Свобода восприятия во сне, как и наяву, зависит от степени высвобожденности нашей энергии из социальных шаблонов и других силовых взаимодействий. Намерение свободы как таковой не принадлежит полностью ни жизни во сне, ни жизни наяву. Воля к свободе, осознаваемая наяву и создающая психологические установки, жизненные ценности и намерения, происходит и во сне, и, в большей степени, в сновидении, — она практически и рождает как само сновидение, так и волю сновидяшего, его действия и направления этих действий в сновидении. То есть воля в сновидении, будучи продолжением воли наяву, происходит не только как марионетка её, существующая для обогащения нашего обыденного сознания и разворачивания его намерений, но и рождает действие, восприятие и чувство узнавания того, что является исконно необходимым нам, и того, что не принадлежит нам или откровенно чуждо нашей природе. Трудно точно определить энергетический источник сознания вообще и сознания в сновидении, — то ли это личная сила, то ли то, что принято считать сексуальной энергией, сущность или безличная сила ветра Неизвестного, — воля к свободе, присущая основе нашего сознания, и через сновидения проводит этот точно не локализованный энергетический потенциал нашего существования. Проводит, не испрашивая согласия нашего обыденного сознания, но открывая ему его удаленность от по/шинного в себе в мире нашей яви и в мирах, которые мы воспринимаем в наших сновидениях.

 

5. ТОКИ ДОСТОВЕРНОГО ЧУВСТВЕННОГО.

 

Согласно воззрениям толтеков, источником энергии для сновидения является половая энергия. Единственный ли это источник, есть ли другие, — так или иначе, как показывает практика, тот клей, которым скрепляется время и пространство сновидения, та сила, которая делает восприятие во сне непрерывным, пополняется нашей половой силой. Высвобождение этой силы из чувственных иллюзий во сне и наяву — из чувственной несвободы — меняет как все поведение человека в целом, так и вкусы его снов. Распространенное заблуждение — высвободить чувственную силу значит перестать трахаться —приводит, как правило, к задвиганию на задний план или куда нибудь подальше именно насильнических по отношению к собственной природе намерений сновидеть, а не самой чувственной жизни. Чувственность, как сок жизни, будучи вовлечена в конфликт с намерением сновидеть, обедняется и дурно упрощается, лишаясь своей возвышенной стороны, которая существует в свободе и в формах любви. Этот конфликт обедняет и сновидения, потому что энергия нереализованных желаний, насилуемая нашей дурной волей, не высвобождается, а отягощает, портит память, лишает нас живости и вольного интереса к жизни. Так как это нехорошо — обеднять себя и терять интерес к жизни, - лучше высвобождать чувственную силу из форм её существования и захваченности другими силами, целями и людьми.

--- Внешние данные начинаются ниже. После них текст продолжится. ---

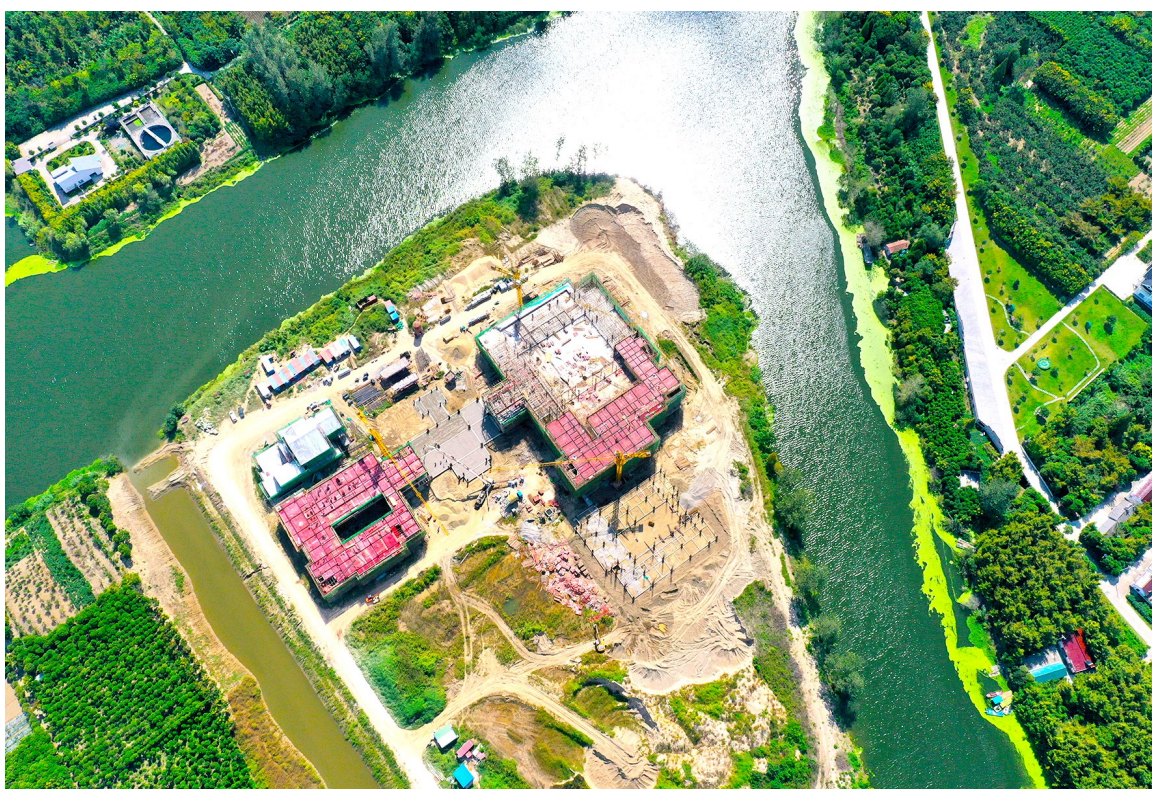
位于新街镇的得德·智慧健康岛项目总投资2亿元，以生态康养为主题，以智慧科技为依托，打造大健康产业综合体。项目规划涵盖中式高端酒店、智慧健康管理、健康教育培训、休闲景观等。

意见强调，要推进农业产业集聚培育，重抓“一镇一园一品”创建，强化质量监管和策划推介，不断叫响做优农业品牌。要在关键环节发力，推进农业科技集成。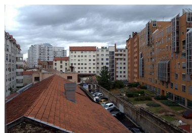
Elévation postérieure depuis le sud IVR82_20096901247NUCA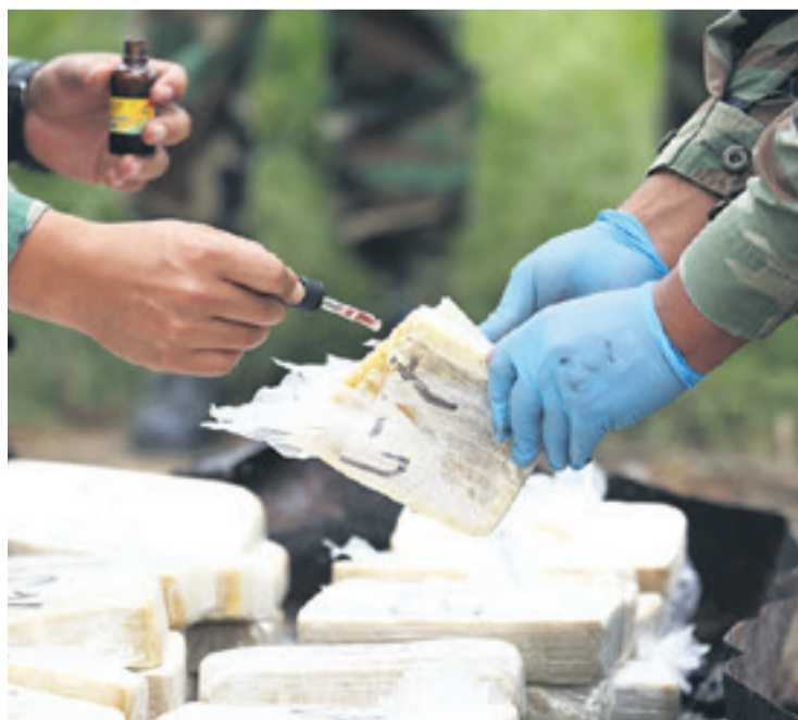
La Policía boliviana coordinó acciones con la Dirandro del Perú.

Algo similar pasó en Perú. La pasada semana se incautó 7,2 toneladas de cocaína. La droga también estaba en medio de un cargamento de madera. Entre las maderas de lujo había una franja negra que era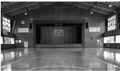
多目的ホール (旧体育館)

皆さん、さとびあに来られて「地域未来室」を気軽に覗いてみてください。そして「上新城マップ」にどんな情報でも寄せてください。お待ちしております。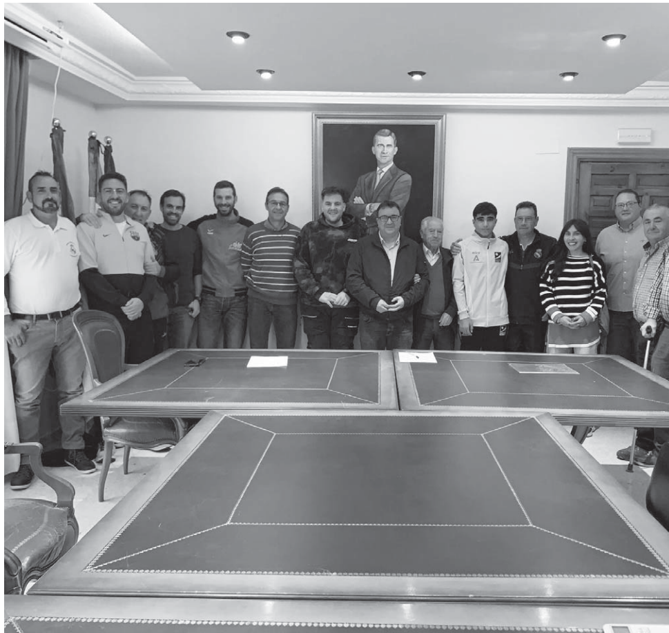
Acto de entrega de subvenciones, el pasado 15 de noviembre, en el Ayuntamiento de Castillo.

APOYO Un total de trece clubes, asociaciones y deportistas a nivel individual han recibido el apoyo del Ayuntamiento castillero este año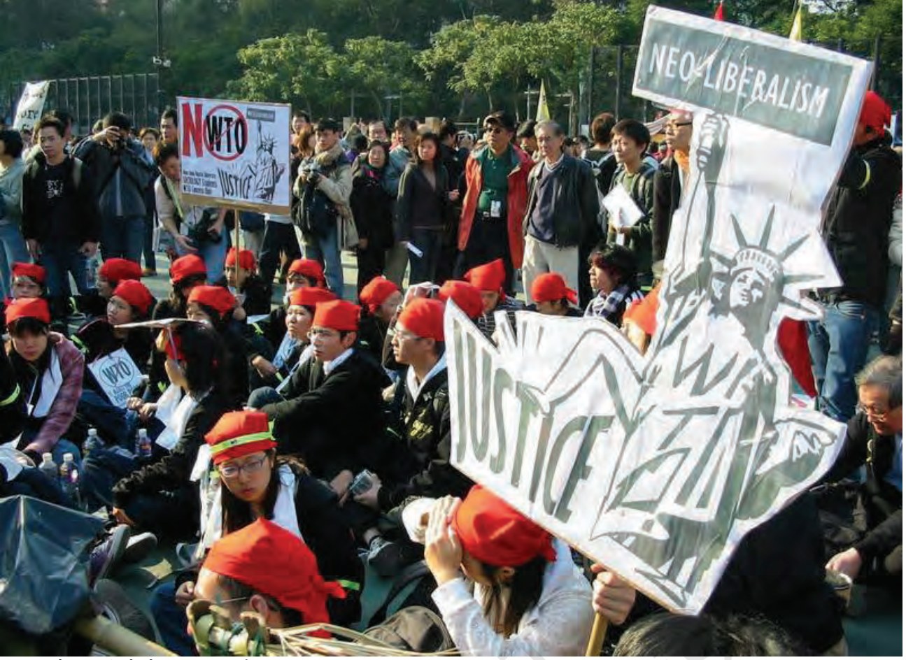
हांगकांग में डब्लू.टी.ओ. के खिलाफ प्रदर्शन-2005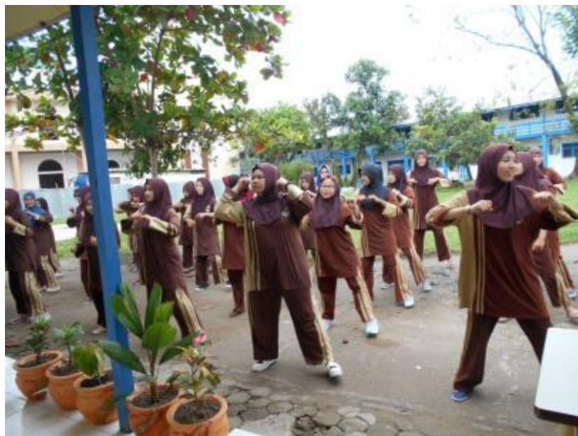
Gambar 24 Kegiatan Senam oleh Santriwati Pondok Pesantren Al Falah Putri Banjarbaru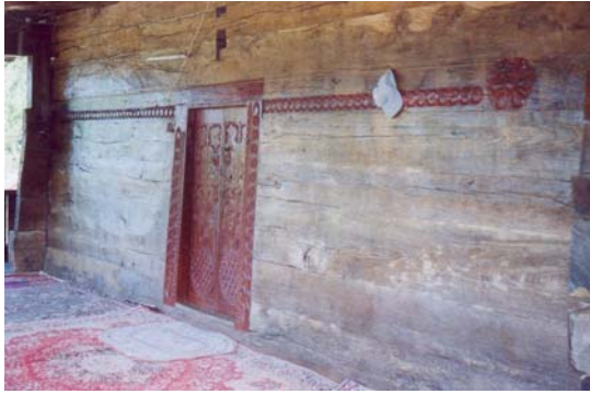
Resim: 11- Ordu/İkizce Laleli (Eski) Camii'nin Giriş Cephesi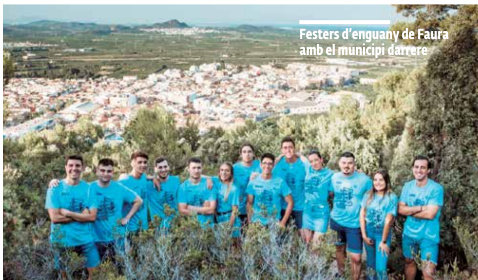
Festers d'enguany de Faura amb el municipi darrere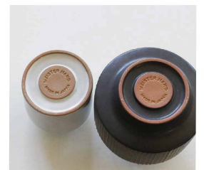
底にロゴが入っています。

※このシリーズは特性上個体差がやすい商品です。P.5-7～商品の特性についてをご確認ください。 3. 色ムラ・質感の差/4. 表情のある土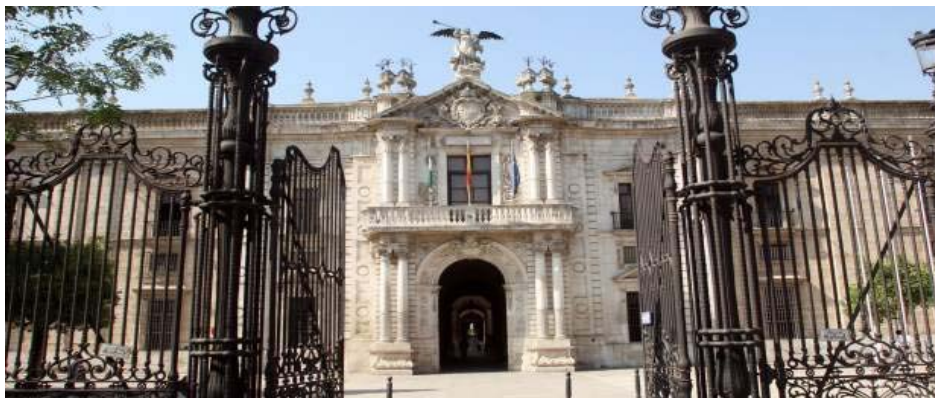
Rectorado de la Universidad de Sevilla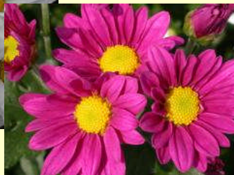
常陸サマールビー

コギクには赤色・白色・黄色を中心として多くの品種があります。茨城県では，茨城県生物工学研究所が育成したコギク品種が12品種あり，県内各産地で作付けされています。当地の筑西市・桜川市・下妻市でも，もちろん作付けがされています。8月お盆には『常陸サマースノウ』（白色），『常陸サマールビー』（赤色）が出荷予定です。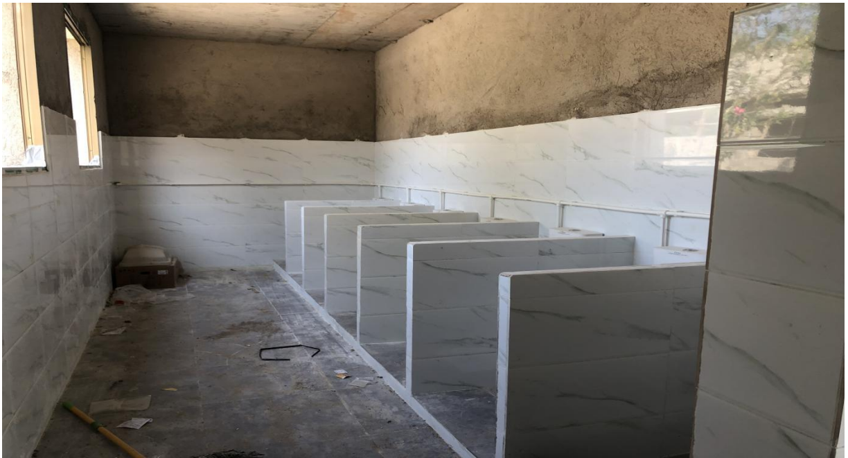
北坪小学厕所蹲位已经完成安装，墙壁还没有施工完成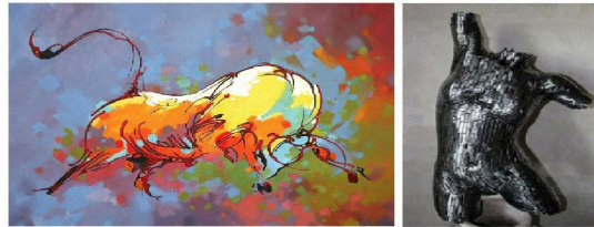
Auch : Peinture et sculpture font bon ménage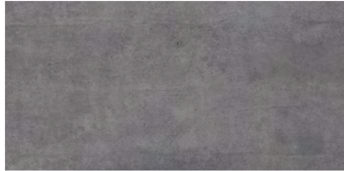
19297 SCOTT-G/0,75x1,5/MAT B-47 (75x150x0,6)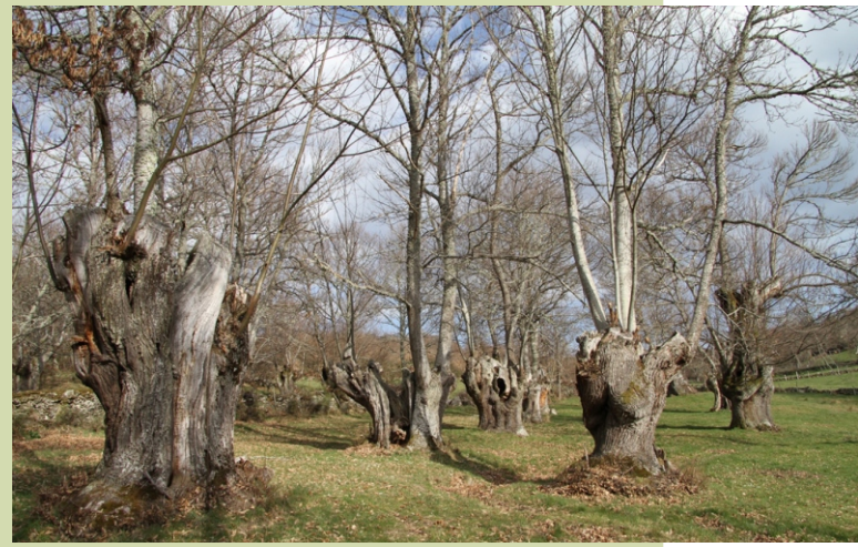
Castiñeiros en (Seoane de Arriba, Solbeira)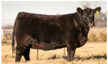
HEIDI 8236, su madre.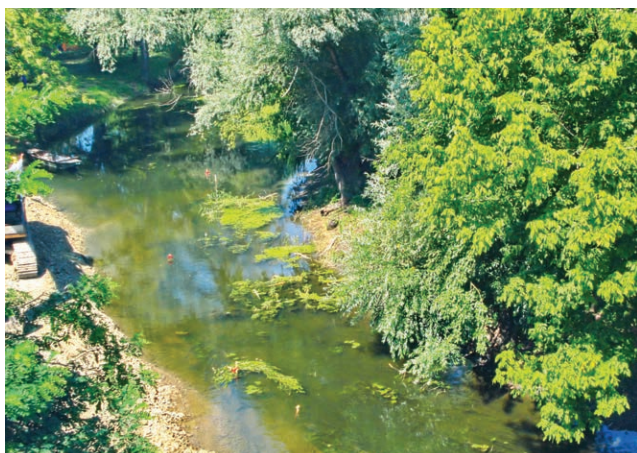
Karašica na dijelu toka kroz Valpovo

Vučica izvire na sjevernim obroncima središnjeg dijela Papuka, dijelom i Krndije. O njezinu toku, kao i za Karašicu, osnovne smo podatke uglavnom crpili iz izvještaja što ga je 1898. u Osijeku "kao manuskriptni izvještaj k regulacionom projektu tiskan", objavio Franjo Kreutzer, "ravnajući inženir predradnja". On je 1896. po nalogu "Kraljevske županijske oblasti u Osijeku" proputovao "poplavno područje Karašice i Vučice pri velikoj vodi" i potom izradio projekt regulacije, baš kao i prije toga sliva Vuke. Njegovim smo se podacima poslužili jer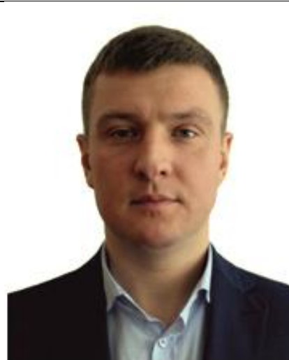
Акперов Вадим Вагіфович Заступник Голови Сумської обласної державної адміністрації Рік випуску: 2011 Спеціальність: Менеджмент ЗЕД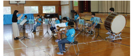
器楽部の演奏の様子

を胸に、本番では最高のパフォーマンスを見せてくれることと思います。学校としても、子どもたち一人一人が、「やってよかった」という達成感や成就感を味わえるような学習発表会にしたいと考えております。当日は子どもたちが笑顔で活躍する姿をごゆっくり鑑賞され、ぜひ温かいご声援をいただきますようお願いいたします。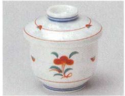
308-10-704 古赤絵むし碗 680円 9.5×9.5×9.5cm (220cc) 31928701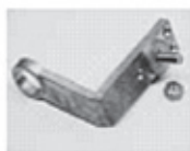
Koncovka pre autobusy (BT)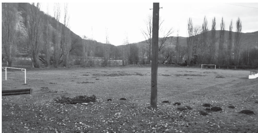
Plocha hřiště po řádění divokých prasat

Spartak se také velkou měrou podílí na kulturním dění ve Valtířově. Jako každý rok jsme pořádali tři akce. První akcí bývá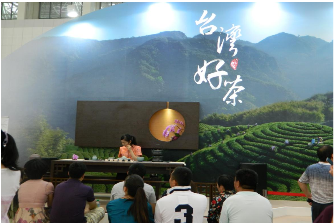
臺灣名品博覽會會場-展場設計 (7/5下午)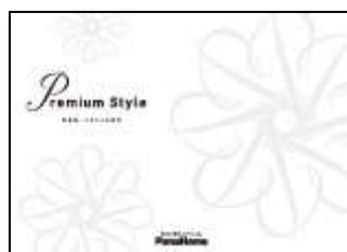
⑦ こだわりの邸宅 「Premium Style」 実例集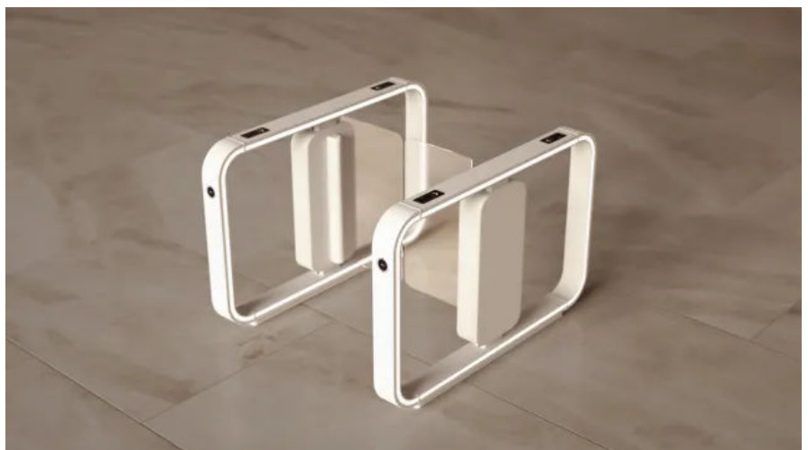
ASSA ABLOY SG Expression Speedgate

Speedgates verwalten und überwachen automatisch den Verkehrsfluss von Fußgängern in stark frequentierten Bereichen. Sie öffnen und schließen sich schnell bei gültiger Autorisierung, um sicherzustellen, dass nur berechtigte Personen Zutritt erhalten und lassen sich mit Technologien wie RFID-Karten, Fingerabdruckscannern oder Gesichtserkennungssystemen verbinden. Das Design des ASSA ABLOY SG Expression bietet ein einheitliches Erscheinungsbild, womit sich der Markenauftritt sowie die Architektur eines Unternehmens ergänzen lässt.

Социальное регламентирование чувственного начинается с того, что половые органы должны быть скрыты под одеждой, — какая-то часть чувственной силы в действии, поведении вне зон только эротических интересов, фантазиях, ухаживаниях за теми с кем хочется заниматься любовью, или в речи подразумевается естественно скрытой. С точки зрения автора, ходить голышом по улицам городов и деревень не прагматично по ряду причин. Поэтому автор считает здоровым выбором исследование и знание социального регламента чувственного ради возможности уйти от формирования своего тела и судьбы этим регламентом и ради удовольствия отложить его вместе с одеждой. В детстве чувственность — это довербальная цельность, и использование этой цельности пробуется самими детьми для достижения целеймаленьких, но конкретных (конфета, игрушка), или для отстаивания естественной свободы восприятия, поведения и направления исследования мира. Взрослыми эта сила используется для отодвигания их собственных уже закостеневших шаблонов восприятия и бытия. Характерно, что взрослые «в обмен» считают своим долгом предложить, а как правило — навязать, в силу привычки к самоограничению и насилию над собственной волей, собственные знания правил и порядков жизни в социуме.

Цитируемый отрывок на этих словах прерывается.